§ Work to be completed:
Copy all records verbatim, images excluded.

Collected data entries
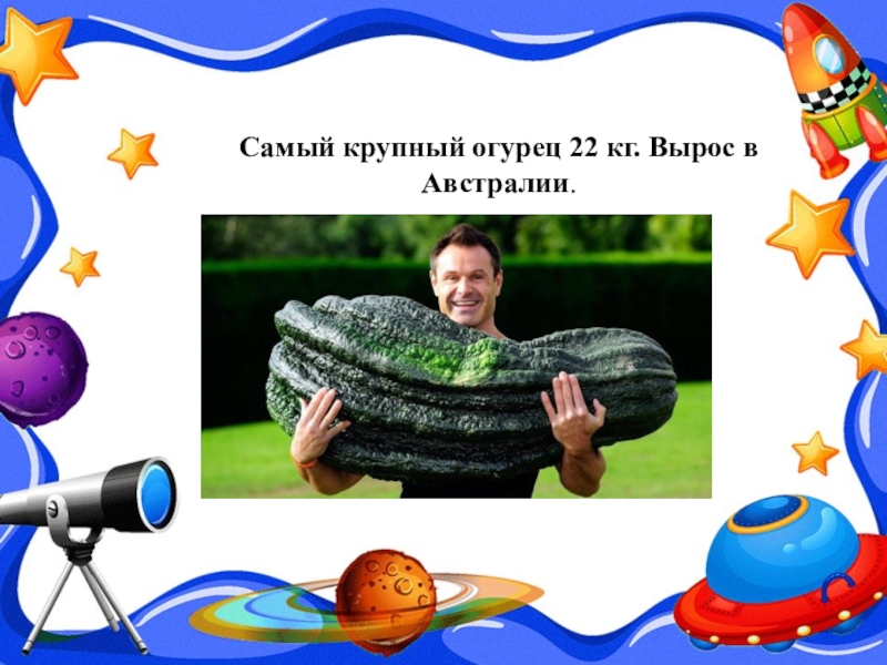 Слайд 19Самый крупный огурец 22 кг. Вырос в Австралии.
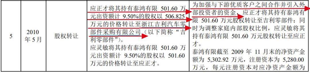 2010年5月,應正才將其持有的泰鴻有限501.60萬元出資額以506.83萬元的價格轉讓至浙江吉利汽車零部件採購有限公司(以下簡稱“吉利零部件”)。
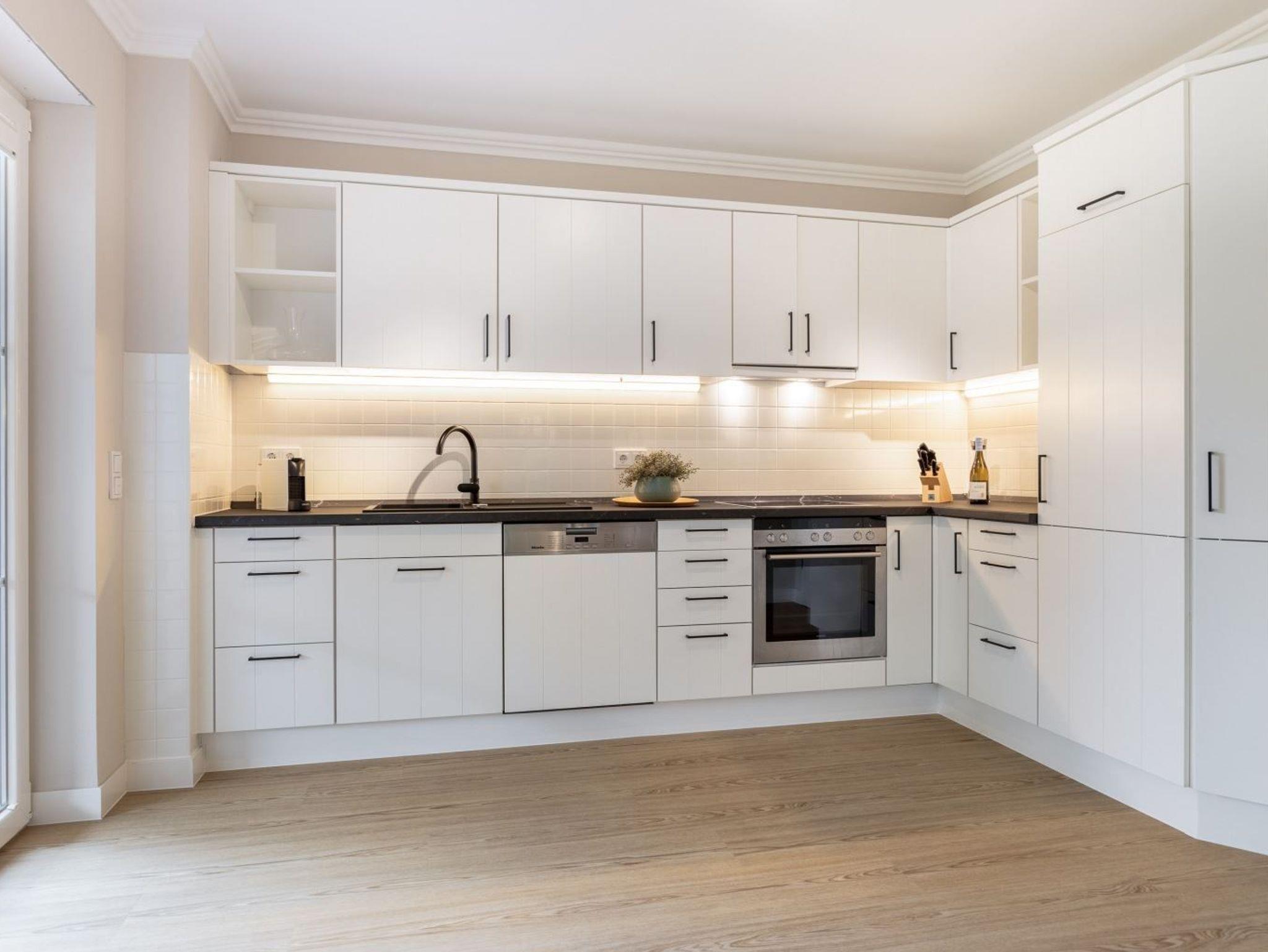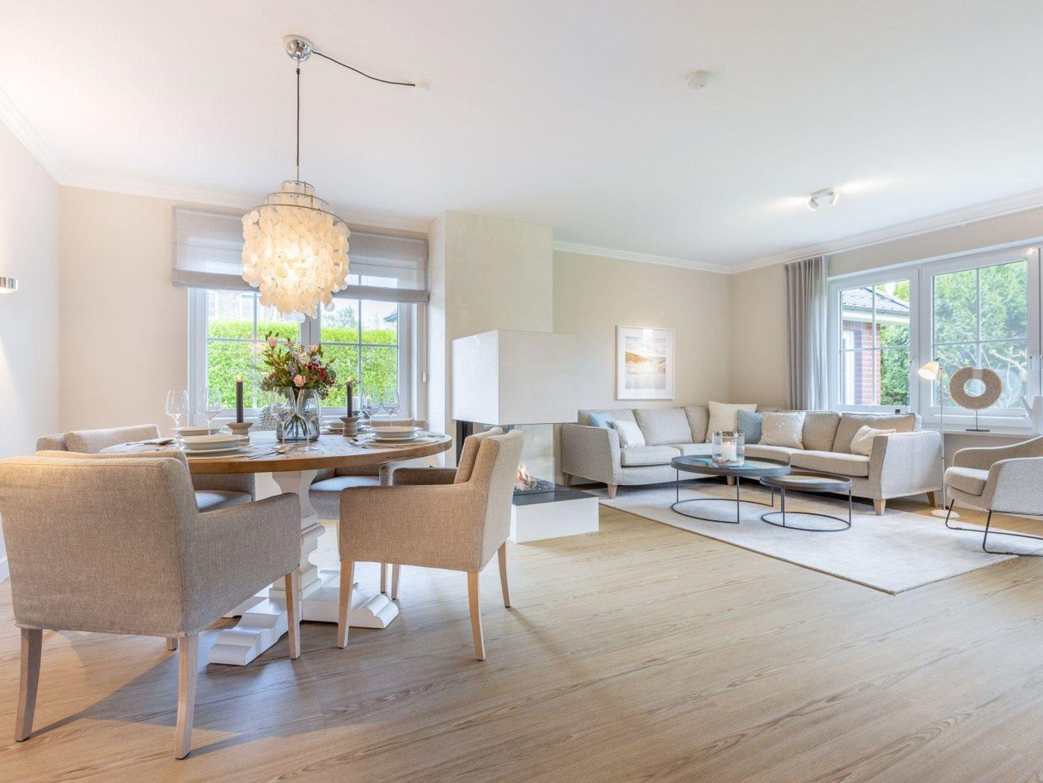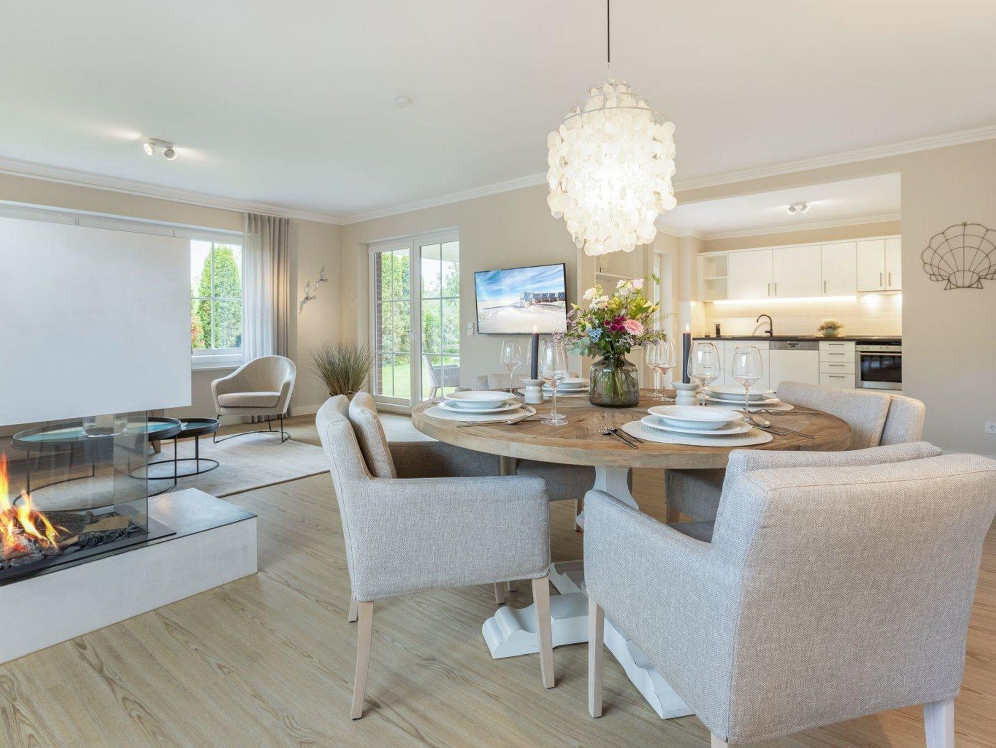 Wohnzimmer mit großem Ecksofa, einem Sessel, gemütlichem Kalfire-Kamin, einem großen SMART-TV (55 Zoll, Sat), einem Esstisch für 4 Personen und direktem Zugang zur möblierten, überdachten Gartenterrasse nach Süden mit Strandkorb. Halboffene Küche mit Backofen, Geschirrspüler, Kühlschrank mit Gefrierfach und Krups Nespresso Kapsel-Kaffeemaschine.
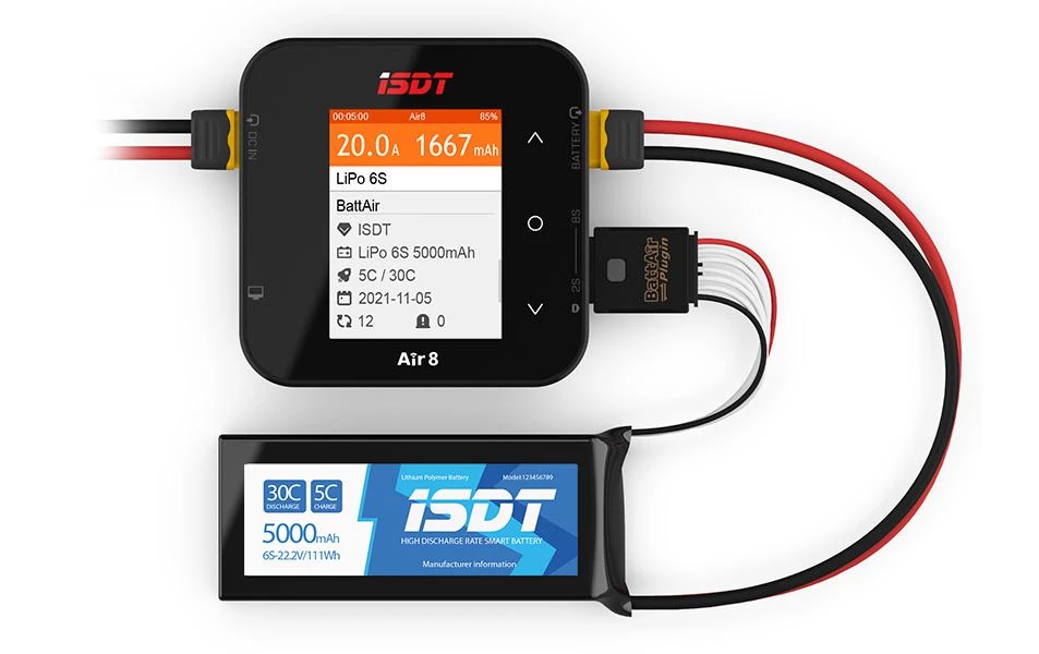 – Kompatible Akkutypen: 1-8S LiPo, LiFe, Li-IOn, LiHV, 1-12S Blei (Pb), 1-16 Zellen NiMH, NiCd
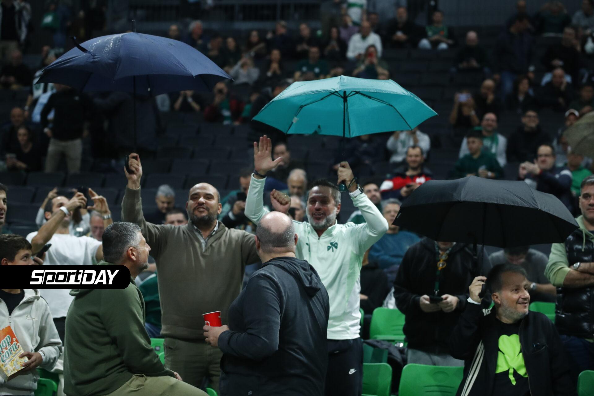 Στις εξέδρες του γηπέδου έκαναν την εμφάνισή τους… ομπρέλες, με φιλάθλους να τρολάρουν τον «αιώνιο» αντίπαλο για τις εικόνες ντροπής στο ΣΕΦ με τους μουσαμάδες. Ειρήσθω εν παρόδω, όπως είδαμε οι μουσαμάδες που τοποθετήθηκαν στο ΣΕΦ για να μη βραχεί το παρκέ, πληρώθηκαν από το ελληνικό κράτος. Συγκεκριμένα, με απόφαση της 11ης Νοεμβρίου που αναρτήθηκε στην Διαύγεια, το ΣΕΦ απέκτησε με κρατικά χρήματα τους περιβόητους μουσαμάδες που κόστισαν περίπου 15.000 ευρώ (14.800 συγκεκριμένα).

§ Exercise answer:
 Слайд 19Самый крупный огурец 22 кг. Вырос в Австралии.
 2010年5月,應正才將其持有的泰鴻有限501.60萬元出資額以506.83萬元的價格轉讓至浙江吉利汽車零部件採購有限公司(以下簡稱“吉利零部件”)。
 Wohnzimmer mit großem Ecksofa, einem Sessel, gemütlichem Kalfire-Kamin, einem großen SMART-TV (55 Zoll, Sat), einem Esstisch für 4 Personen und direktem Zugang zur möblierten, überdachten Gartenterrasse nach Süden mit Strandkorb. Halboffene Küche mit Backofen, Geschirrspüler, Kühlschrank mit Gefrierfach und Krups Nespresso Kapsel-Kaffeemaschine.
 – Kompatible Akkutypen: 1-8S LiPo, LiFe, Li-IOn, LiHV, 1-12S Blei (Pb), 1-16 Zellen NiMH, NiCd
 Στις εξέδρες του γηπέδου έκαναν την εμφάνισή τους… ομπρέλες, με φιλάθλους να τρολάρουν τον «αιώνιο» αντίπαλο για τις εικόνες ντροπής στο ΣΕΦ με τους μουσαμάδες. Ειρήσθω εν παρόδω, όπως είδαμε οι μουσαμάδες που τοποθετήθηκαν στο ΣΕΦ για να μη βραχεί το παρκέ, πληρώθηκαν από το ελληνικό κράτος. Συγκεκριμένα, με απόφαση της 11ης Νοεμβρίου που αναρτήθηκε στην Διαύγεια, το ΣΕΦ απέκτησε με κρατικά χρήματα τους περιβόητους μουσαμάδες που κόστισαν περίπου 15.000 ευρώ (14.800 συγκεκριμένα).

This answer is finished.